Steve Jones writes a byline about the mounting evidence for the evolution of the eye. The human eye, which gave Darwin himself a "shudder" (because of it's perfection in design), is nowadays thought to be easily explained by tiny incremental changes over eons of time and "convergent" evolution.
A letter to the editor of the London Daily Telegraph by David Tyler says that "Steve Jones uses his column to accuse "believers" of arrogance. 'When the facts don't fit, tell lies' is the caricature he uses. Whatever the issues are, they are not to do with lying about facts. They are about interpretations.

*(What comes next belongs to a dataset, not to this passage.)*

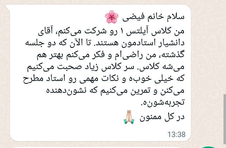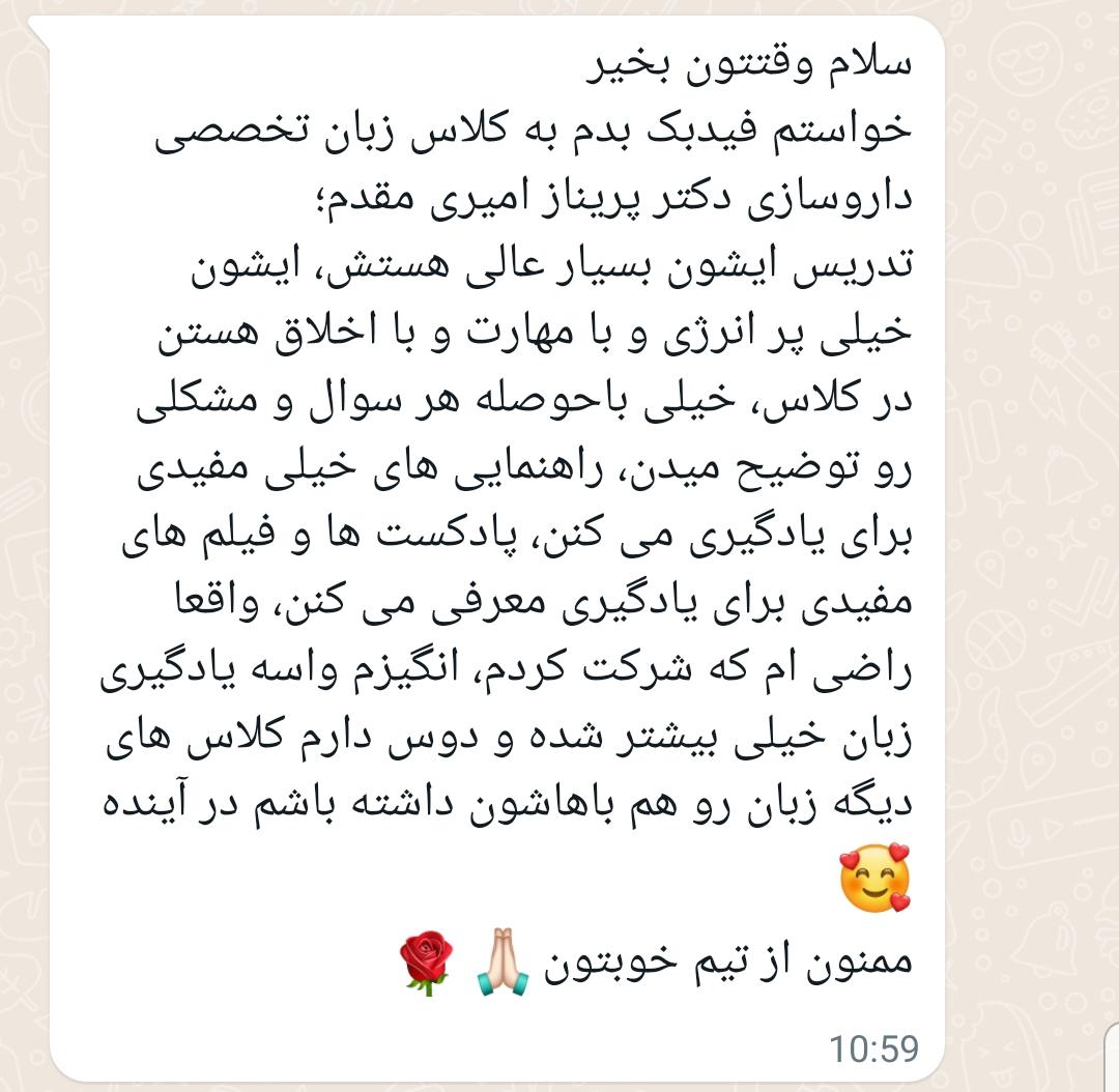 فیدبک شما مربوط به کلاس زبان تخصصی داروسازی دکتر پریناز امیری مقدم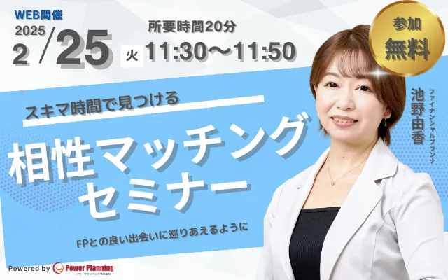 2月19日(水)に、パワープランニング株式会社が主催する「相性マッチングセミナー」が開催されます。この無料のマネーセミナーは、スキマ時間で自分にピッタリのファイナンシャルプランナー(FP)を見つけることができる内容になっています。講師には経験豊富な池野由香FPが参加し、参加者どなたでも気軽に相談できる環境を提供します。

Jones describes the evolutionary ancestor as a 'complex creature', even though it lived in the Precambrian. The new research pushes back the origin of eye complexity to a time where Darwinists think that there were no predators and no land life-forms and where there are no convincing drivers for natural selection to act on natural variations. This new research makes Richard Dawkins' assertion (that the eye has evolved over 40 times independently) to look a bit thin. More importantly, since there are so many design features relating to eyes, it is not unreasonable to consider the possibility that similar architectures are related to design rather than evolution. Indeed, one might deem it arrogant to suggest that all talk of design belongs to the 'anti-science brigade'."
Random mutations are all the Darwinists have, so teleologic arguments get them nowhere. Supposed convergent evolution, in any form, strongly argues
against random mutations and for something else. Perhaps similar eyes point to a common designer with general templates for the eye?